WORK TO COMPLETE.
Transcribe the whole listing below without changing a word, but leave out every image.

MATERIAL TO PROCESS.
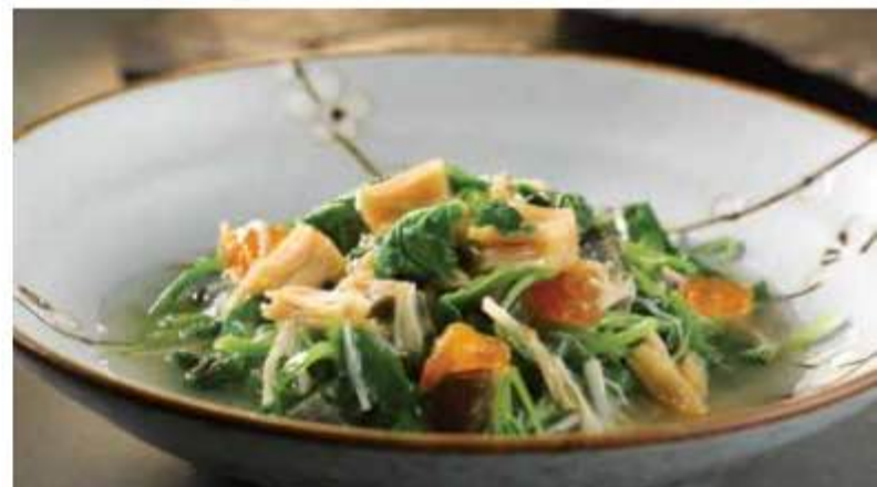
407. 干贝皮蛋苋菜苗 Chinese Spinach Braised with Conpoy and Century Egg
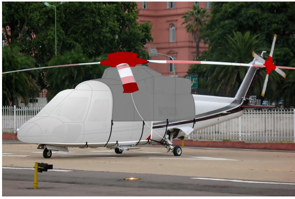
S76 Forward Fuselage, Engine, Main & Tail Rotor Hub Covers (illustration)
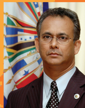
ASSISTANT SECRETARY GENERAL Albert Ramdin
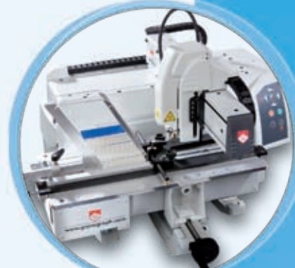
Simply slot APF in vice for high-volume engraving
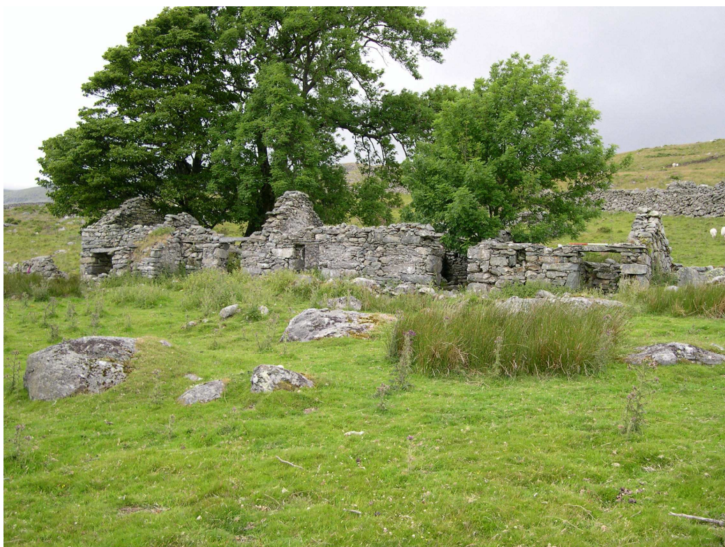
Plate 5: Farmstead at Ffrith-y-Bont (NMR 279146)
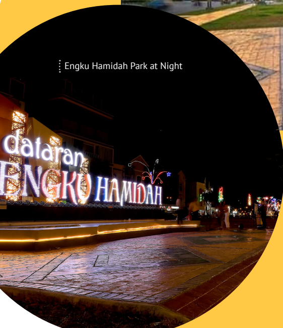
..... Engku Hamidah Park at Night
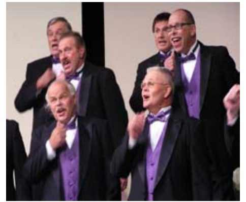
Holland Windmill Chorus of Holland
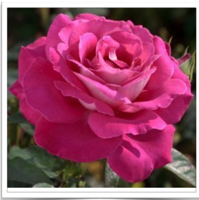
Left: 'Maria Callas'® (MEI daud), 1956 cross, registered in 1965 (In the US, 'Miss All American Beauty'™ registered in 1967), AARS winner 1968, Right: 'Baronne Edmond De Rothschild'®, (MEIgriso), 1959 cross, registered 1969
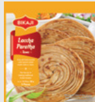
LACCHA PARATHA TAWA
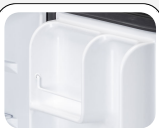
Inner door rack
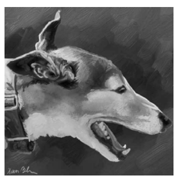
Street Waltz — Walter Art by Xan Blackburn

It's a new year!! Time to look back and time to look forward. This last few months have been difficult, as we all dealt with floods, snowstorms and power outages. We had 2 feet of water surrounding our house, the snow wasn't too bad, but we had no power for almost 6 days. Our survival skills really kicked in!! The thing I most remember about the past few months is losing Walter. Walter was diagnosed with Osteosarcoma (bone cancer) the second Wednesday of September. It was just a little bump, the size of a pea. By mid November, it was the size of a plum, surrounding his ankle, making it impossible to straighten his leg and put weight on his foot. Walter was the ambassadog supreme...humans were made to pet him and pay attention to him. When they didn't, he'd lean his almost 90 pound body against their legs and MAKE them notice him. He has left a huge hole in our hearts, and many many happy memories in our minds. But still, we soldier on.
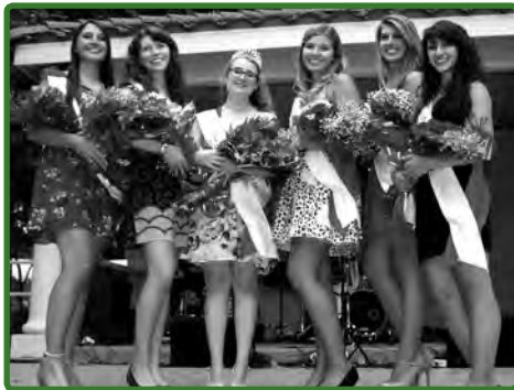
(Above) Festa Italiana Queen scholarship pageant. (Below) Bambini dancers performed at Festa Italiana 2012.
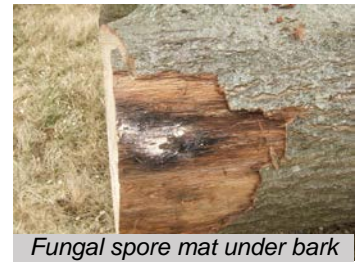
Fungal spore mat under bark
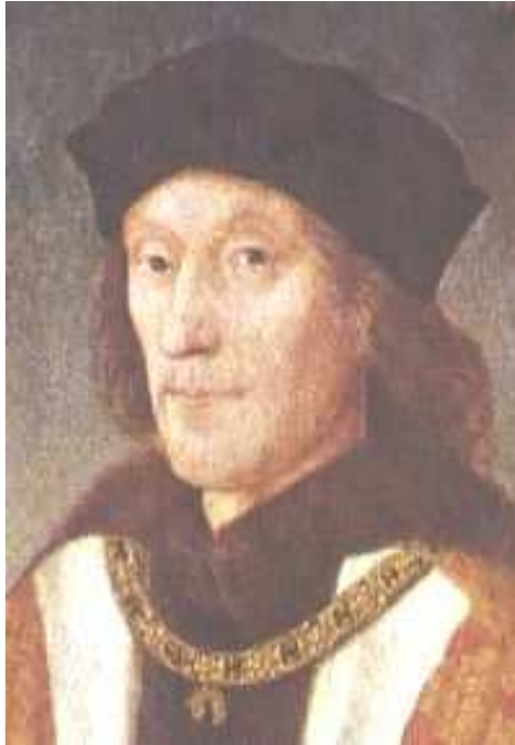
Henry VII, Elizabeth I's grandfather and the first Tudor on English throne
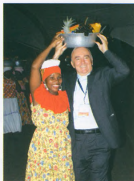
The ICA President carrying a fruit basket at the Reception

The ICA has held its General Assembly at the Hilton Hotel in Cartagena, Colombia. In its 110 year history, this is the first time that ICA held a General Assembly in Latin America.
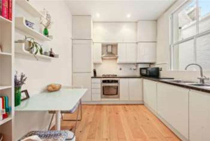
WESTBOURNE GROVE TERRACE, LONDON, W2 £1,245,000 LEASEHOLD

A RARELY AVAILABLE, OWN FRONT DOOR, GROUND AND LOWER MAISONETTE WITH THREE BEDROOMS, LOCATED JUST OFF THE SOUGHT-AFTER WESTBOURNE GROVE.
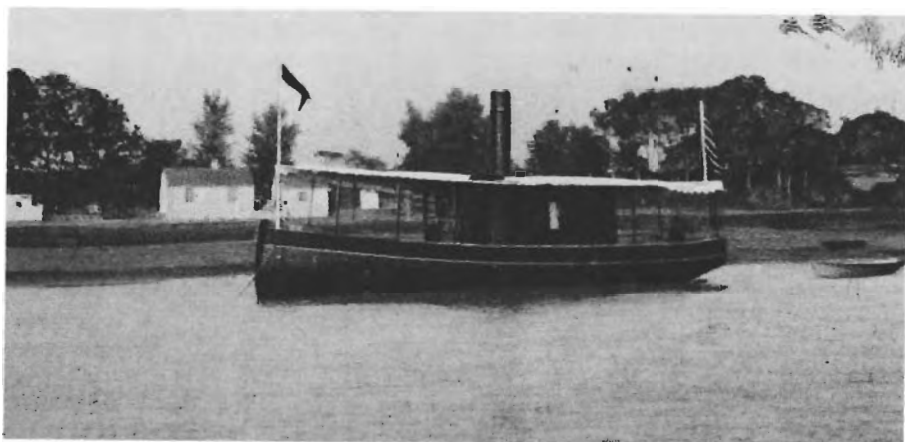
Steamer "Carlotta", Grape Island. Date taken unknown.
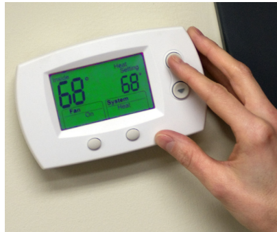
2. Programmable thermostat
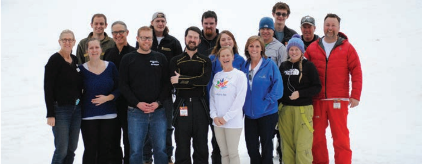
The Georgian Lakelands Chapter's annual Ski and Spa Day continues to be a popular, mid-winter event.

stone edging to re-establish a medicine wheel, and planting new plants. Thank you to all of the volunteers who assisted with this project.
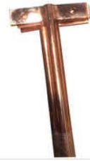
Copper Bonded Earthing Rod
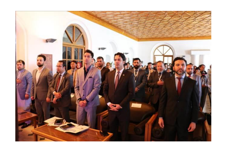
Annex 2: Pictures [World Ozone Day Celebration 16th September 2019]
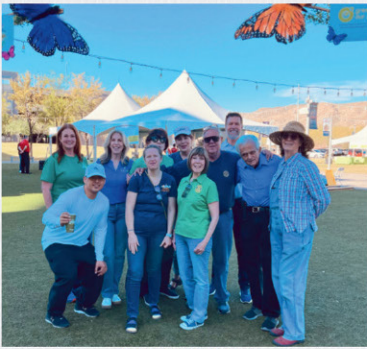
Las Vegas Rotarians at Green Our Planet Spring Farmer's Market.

RESPONSE BELOW.
407. 干贝皮蛋苋菜苗 Chinese Spinach Braised with Conpoy and Century Egg
S76 Forward Fuselage, Engine, Main & Tail Rotor Hub Covers (illustration)
ASSISTANT SECRETARY GENERAL Albert Ramdin
Simply slot APF in vice for high-volume engraving
Plate 5: Farmstead at Ffrith-y-Bont (NMR 279146)
..... Engku Hamidah Park at Night
Holland Windmill Chorus of Holland
Left: 'Maria Callas'® (MEI daud), 1956 cross, registered in 1965 (In the US, 'Miss All American Beauty'™ registered in 1967), AARS winner 1968, Right: 'Baronne Edmond De Rothschild'®, (MEIgriso), 1959 cross, registered 1969
LACCHA PARATHA TAWA
Inner door rack
Street Waltz — Walter Art by Xan Blackburn

It's a new year!! Time to look back and time to look forward. This last few months have been difficult, as we all dealt with floods, snowstorms and power outages. We had 2 feet of water surrounding our house, the snow wasn't too bad, but we had no power for almost 6 days. Our survival skills really kicked in!! The thing I most remember about the past few months is losing Walter. Walter was diagnosed with Osteosarcoma (bone cancer) the second Wednesday of September. It was just a little bump, the size of a pea. By mid November, it was the size of a plum, surrounding his ankle, making it impossible to straighten his leg and put weight on his foot. Walter was the ambassadog supreme...humans were made to pet him and pay attention to him. When they didn't, he'd lean his almost 90 pound body against their legs and MAKE them notice him. He has left a huge hole in our hearts, and many many happy memories in our minds. But still, we soldier on.
(Above) Festa Italiana Queen scholarship pageant. (Below) Bambini dancers performed at Festa Italiana 2012.
Fungal spore mat under bark
Henry VII, Elizabeth I's grandfather and the first Tudor on English throne
The ICA President carrying a fruit basket at the Reception

The ICA has held its General Assembly at the Hilton Hotel in Cartagena, Colombia. In its 110 year history, this is the first time that ICA held a General Assembly in Latin America.
WESTBOURNE GROVE TERRACE, LONDON, W2 £1,245,000 LEASEHOLD

A RARELY AVAILABLE, OWN FRONT DOOR, GROUND AND LOWER MAISONETTE WITH THREE BEDROOMS, LOCATED JUST OFF THE SOUGHT-AFTER WESTBOURNE GROVE.
Steamer "Carlotta", Grape Island. Date taken unknown.
2. Programmable thermostat
The Georgian Lakelands Chapter's annual Ski and Spa Day continues to be a popular, mid-winter event.

stone edging to re-establish a medicine wheel, and planting new plants. Thank you to all of the volunteers who assisted with this project.
Copper Bonded Earthing Rod
Annex 2: Pictures [World Ozone Day Celebration 16th September 2019]
Las Vegas Rotarians at Green Our Planet Spring Farmer's Market.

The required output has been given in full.